{TS.A.H.M} Ultrasound #1

Today was a complete waste of time. We got there and she was looking and said that based on my blood work, my levels are high which means I am pregnant (confirmed for the third time now) but that there was only a sac there at the moment because the baby isn't big enough to see yet. So, I'm supposed to go back to my doctor in a week to follow-up and reschedule another ultrasound in about 3 weeks.

I'm feeling more nauseous. I think this has been the first day that I've actually felt sick all day. Even after eating. I woke up feeling sick and could barely drink for my ultrasound...but I managed. I only have three days left of work but man is it going to be rough feeling like this. I'm going to do my best but if I'm sick at work, I'm going to need to go home. I feel like it's in my throat just ready to come out. (sorry TMI btw!)

I'm irritable and I can't wait until I can enjoy the whole day without knowing that I'll be working later that evening.

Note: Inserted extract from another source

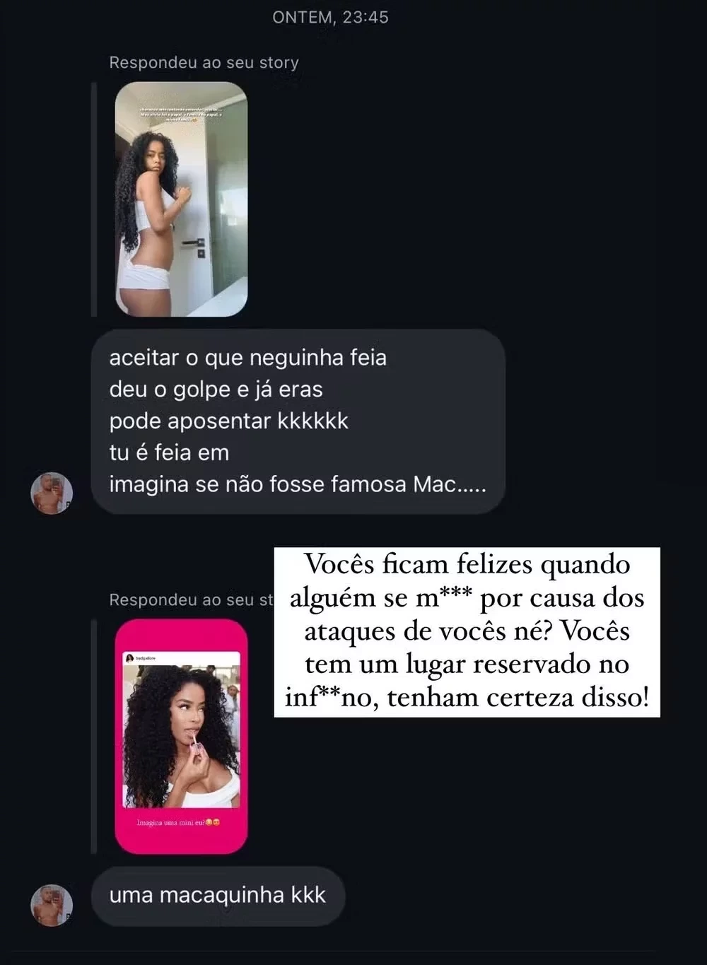 Em uma das mensagens recebidas, um usuário escreveu: “Aceitar o que, neguinha feia, deu o golpe e já era, pode aposentar kkk Tu é feia hein, imagina se não fosse famosa, mac... uma macaquinha kkkk”. Lorena, visivelmente indignada, respondeu: “Vocês ficam felizes quando alguém se mata por causa dos ataques de vocês, né? Vocês têm lugar reservado no inferno, tenham certeza disso!”

Maybe it's just my nauseous, irritated-self talking today. It doesn't help that the guys are working on the house right beside ours (new construction) and all they're doing is BANG, BANG, BANG, BANG...pause...BANG, BANG, BANG, BANG...pause...etc. OVER and OVER again! I was trying to nap with S this afternoon and I got to closing my eyes for a couple hours but that banging stopped me from actually getting some rest.

My doctor gave me the okay to take Gravol so I took two of the girls not too long ago because that's all I have at the moment. I may buy some more tonight so I can make it through the next few shifts if I need it.

I'm going to relax for my last hour and a half before I have to leave for work. Blah!